Two latte mugs topped with stiff foam shaped into 3D cat faces
Source: Tokyo Weekender

Kawaii Foods You Have To Try:

1. Bento - you can start off easy making smiling faces using dried seaweed or pieces of ham, or if you want to go full expert mode, have a go at molding animals out of sticky rice.

A bear and Hello Kitty character made out of rice in a clear lunchbox surrounded by salad
Source: Shirley Wong, Little Miss Bento

2. Wagashi - see here a full recipe and method for making nerikiri (a type of wagashi). Mochi is another type of wagashi that works well for making kawaii animals, as anything round can be the start of a face or belly.

Japanese nerikiri sweets shaped into mini penguins with rounded bellies and seals with round bodies
Source: Japanese Baker Masaaki Miyake

3. Pancakes - armed with chocolate sauce, cookie cutters and fruit, there's a lot you can do to turn your average pancake into a kawaii masterpiece.

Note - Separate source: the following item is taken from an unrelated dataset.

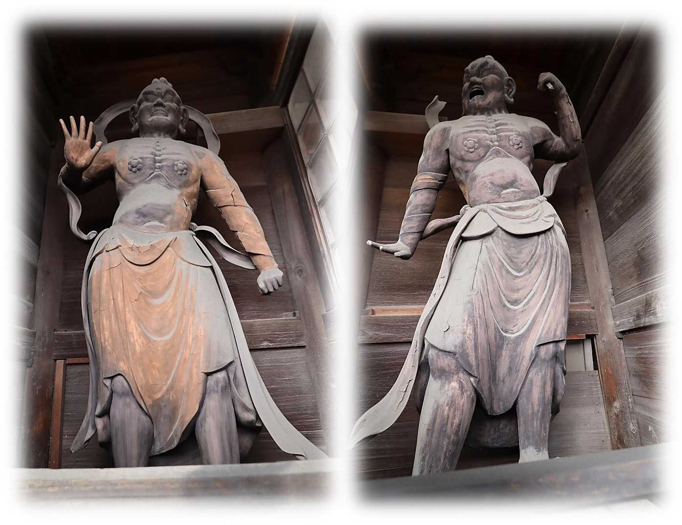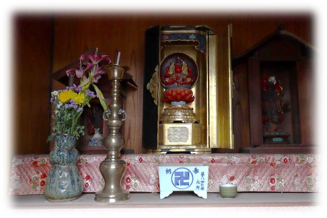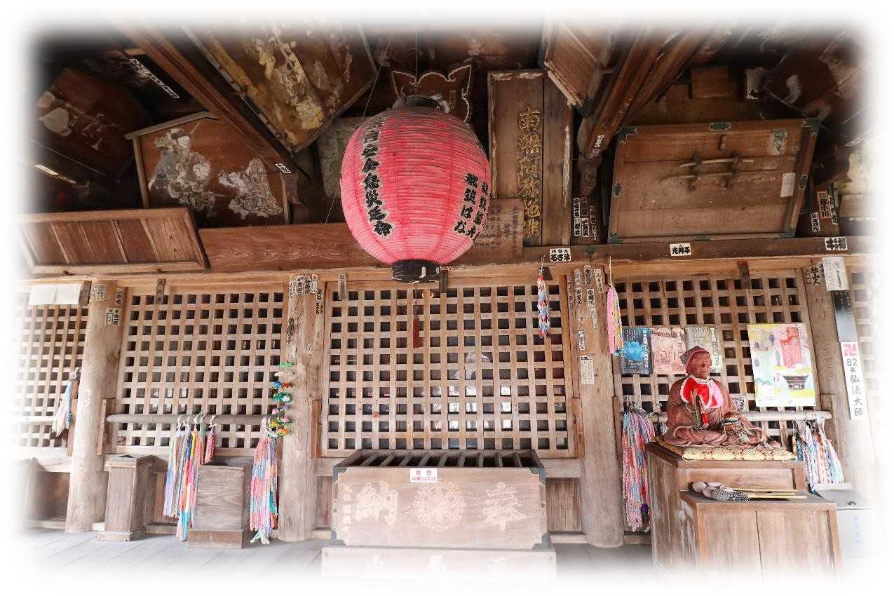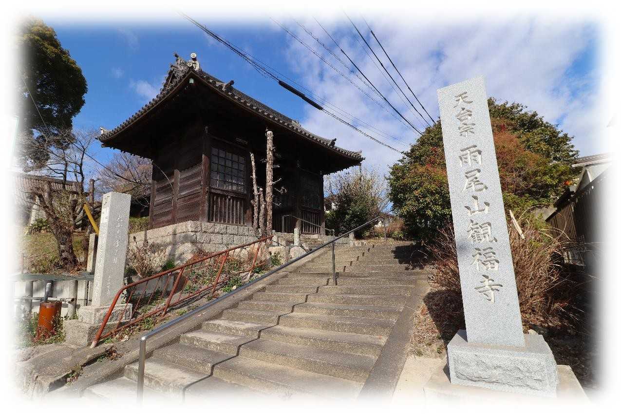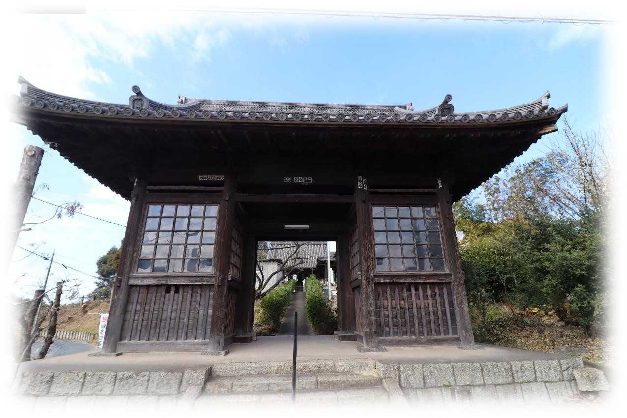 2月17日(火)、後開催で第十ニ回 歩いて巡拝 知多四国を巡ってきました。 ![]() 上が第十ニ回後開催のコースマップ。 スタートは名鉄常滑線太田川駅。 駅前から東に向かい➡82番札所観福寺➡83番札所弥勒寺➡84番札所玄猷寺➡85番札所清水寺➡86番札所観音寺➡名鉄常滑線聚楽園駅をゴールとするもの。 コースは全体に比較的フラットで全長9km、五つの札所を巡拝するもの。 まずは駅から南東へ1.2kmほど先の小高い丘に鎮座する82番札所観福寺を目指す。 ![]() 丘の南側に仁王門を構える八十二番札所・雨尾山観福寺の門前の眺め。 車の場合、この門前の少し左手前の上り坂を進むと本堂前に至ります。 鎮座地の大田町天神下ノ上は、周囲よりわずかに高い標高10m前後の微高地に位置しています。 この高まりは、知多丘陵の裾野が大田川の浸食と堆積によって舌状に残った地形で、古くから洪水に強い安全な場所として人々が集落を営み、寺院が建立される基盤となりました。 ![]() 知多四国の札所の中でも、観福寺はとくに立派な仁王門を備えている寺院として知られています。 以下は『東海市史 通史編』(1990)をもとに加筆した由緒の概要です。 雨尾山観福寺は、大宝二年(701)に行基が知多三山(南知多の岩屋寺・常滑の高讃寺)を開いた際の一山と伝えられており、この地方の古刹とされています。 開山後しばらくは荒廃していたようですが、宝徳二年(1450)に慶山によって再興され、十二坊を備える大伽藍が整えられたと伝わっています。 その後、慶長年間(1596〜1615)に火災に遭いましたが、慶安年間(1648〜1652)に再建され、寛文五年(1665)には尾張藩主・徳川光友の寄進により現在の本堂が再建されたとされています。 仁王門は、棟札によると延宝二年(1674)の建立とされ、入母屋造・本瓦葺きの堂々とした門です。 金剛力士像の前後には金剛柵が設けられ、上部を竹格子で囲む構造になっており、寺の格式を示すものと考えられます。 本堂内陣には、国・県指定文化財の厨子と須弥壇が安置されています。 厨子は鎌倉時代の手法を伝える柱間一間四方の入母屋造とされ、本尊の十一面観世音菩薩立像は藤原期の作と伝えられています。 脇侍の毘沙門天立像・不動明王立像は市指定文化財で、十七年に一度御開帳が行われます。 このほか、両界曼荼羅、涅槃図、三千仏図など十四点が文化財に指定されています。 昭和三十四年の伊勢湾台風では中門が倒壊し、客殿・本堂・庫裡にも大きな被害が出ましたが、昭和四十年に現在の姿へと復旧したとされています。 ![]() 仁王門前には、文化六年(1809)亮山阿闍梨が知多四国開創の記念にお手植えされたとされる紅白の椿があり、その後共に桧の芽が出てくるという奇跡が起こり、現在も枝を広げています。 ![]() 仁王門の両の間に安置されている金剛力士像。 作者や年代は定かではないが、凛々しさのなかに力強さが漂う均整の取れた像で、門が延宝二年(1674)ということから、その時代のものだろうか。 ![]() 仁王門から緩やかに上る参道は、両脇に生垣が続き正面の本堂に至ります。 本堂は入母屋瓦葺で桁行・梁行共に五間のもので正面に一間向拝が付くもの。 ![]() 八十二番札所 雨尾山 観福寺本堂脇の文化財解説。 ![]() 本堂は江戸前期に建造されたもので、県の文化財に指定されており、多くの文化財を所蔵している。 ![]() 本堂外陣入口の眺め、額は・・・観音堂と読めばいいのかな。 ![]() 外陣と内陣は格子戸で仕切られ、外陣天井には多くの奉納額が掛けられています。 内陣は良く見通せませんが外陣に木札が掛かっており、中央に本尊の十一面観音、脇侍の右が不動明王、左が毘沙門天、本尊右に六観音、一番右に弘法大師、本尊の左に六地蔵、その左に行基菩薩が安置されているようです。 ![]() 薄暗い内陣中央の一枚、ピントも甘いがお前立の十一面観音像らしき姿が現れました。 17年に一度の御開帳、前回がいつだったか調べがつかず、次回御開帳は問い合わせるのが一番確かかもしれない。 ![]() 軒先が優雅に広がる本堂の眺め。 ![]() 本堂右側のこの建物は、幟からすると観音堂と思われます。 ![]() 手水舎。 ![]() 本堂左側に三十三観音と方形の堂。 ![]() 内部には中央に愛染明王、左右には像はコントラストを変えると火炎光背が見えるので不動明王だろう。 ![]() ぼたいしん おこりてきたの かんふくじ にせのあんらく このほかになし (菩提心 起りて木田の観福寺 二世の安楽 この外になし) 第十ニ回後開催 歩いて巡拝 知多四国 八十二番札所 雨尾山 観福寺 宗派 / 天台宗 本尊 / 十一面観世音菩薩 創建 / 大宝二(702) 開基 / 行基菩薩 札所 / 知多四国霊場82番札所、知多西国三十三所霊場21番札所 所在地 / 東海市大田町天神下ノ上5 参拝日 / 2026/02/17 太田川駅から観福寺 / 名鉄常滑線太田川駅から南東へ1.2km、徒歩20分ほど。 関連記事 お気に入りの記事を「いいね!」で応援しよう

Fluffy Japanese pancake shaped like a bear's face, on a plate with strawberries and cream.
Source: Bonobo, YouTube

4. Cake decorations - cats feature heavily when it comes to kawaii cake decorations. Have a go at making your own with fondant icing or marzipan.

Cats with short legs and round bellies made from fondant icing. Lined up next to each other with features drawn on - one has a tongue poking out.